In a bizarre twist on mangling the meaning of writing a book — “author” Philip Parker now claims “writing” over 200,000 books — using computers as a co-author and Amazon’s BookSurge.com Vanity Press as his publisher.


The New York Times details what feels like a disingenuous writing scam — or at least a very tenuous form of modified plagiarism for profit:

But these are not conventional books, and it is perhaps more
accurate to call Mr. Parker a compiler than an author. Mr. Parker, who
is also the chaired professor of management science at Insead (a
business school with campuses in Fontainebleau, France, and Singapore),
has developed computer algorithms that collect publicly available
information on a subject — broad or obscure — and, aided by his 60 to
70 computers and six or seven programmers, he turns the results into
books in a range of genres, many of them in the range of 150 pages and
printed only when a customer buys one.

If this sounds like cheating to the layman’s ear, it does not to Mr.
Parker, who holds some provocative — and apparently profitable — ideas
on what constitutes a book.
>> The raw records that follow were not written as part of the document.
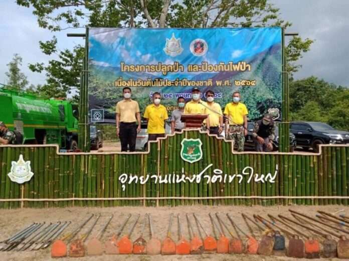 วันต้นไม้ประจำปีของชาติ พ.ศ. 2564 อุทยานแห่งชาติเขาใหญ่ร่วมกับภาคีเครือข่ายจัดกิจกรรม”โครงการปลูกป่าและป้องกันไฟป่า” บริเวณหน่วยพิทักษ์อุทยานแห่งชาติที่ ขญ.9 (ไสใหญ่) อำเภอนาดี จังหวัดปราจีนบุรี
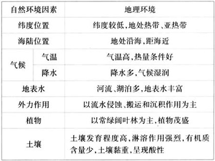 3、填空题 根据所学知识,总结我国东南沿海地区地理环境的整体性,并完成下表。
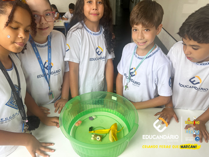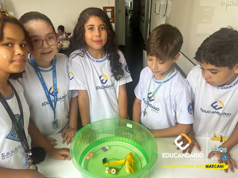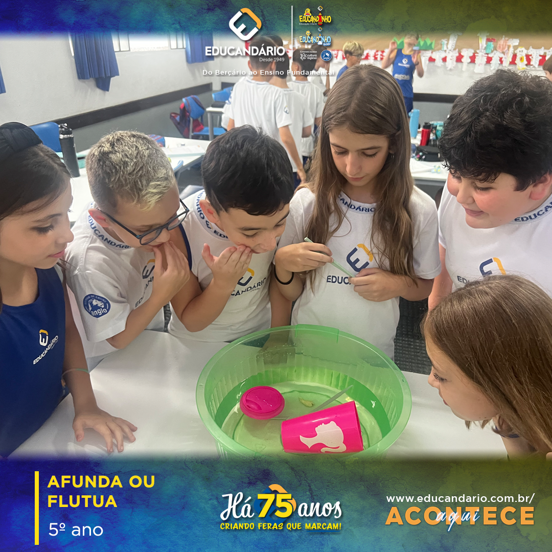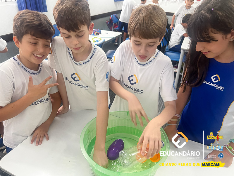 Os alunos trouxeram objetos de casa e testaram se eles iriam afundar ou flutuar, com isso aprenderam sobre a densidade dos objetos.
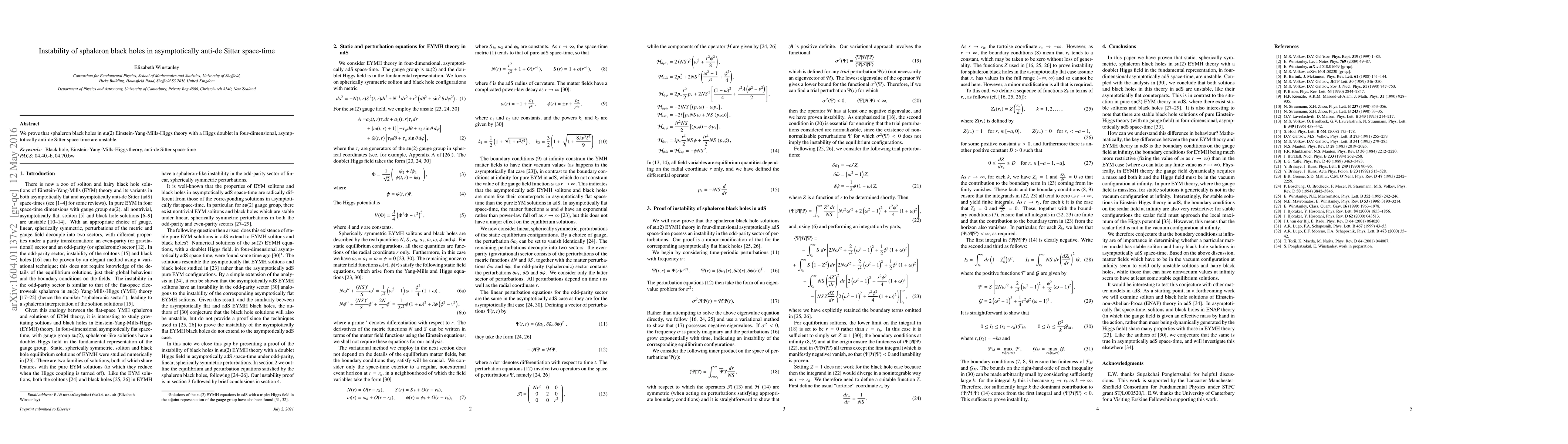 Summary: The research demonstrates the instability of sphaleron black holes in four-dimensional ${\mathfrak {su}}(2)$ Einstein-Yang-Mills-Higgs theory within asymptotically anti-de Sitter space-time. These findings suggest significant implications for the dynamics of such black holes.

While the most popular of his books may
sell hundreds of copies, he said, many have sales in the dozens, often
to medical libraries collecting nearly everything he produces. He has
extended his technique to crossword puzzles, rudimentary poetry and
even to scripts for animated game shows.

Is this real writing? 

Or is this just an editorial compilation — by computer and not the human mind — of already published assets on the internet?

Does this sort of writing and publishing violate Copyright?

How can any author claim to have written 200,000 books and not be laughed off the planet as a lunatic or a liar?

If this sort of thing is the future of publishing — re-publishing the public work of others — then write me out of the next iteration of plagiarism-as-creativity.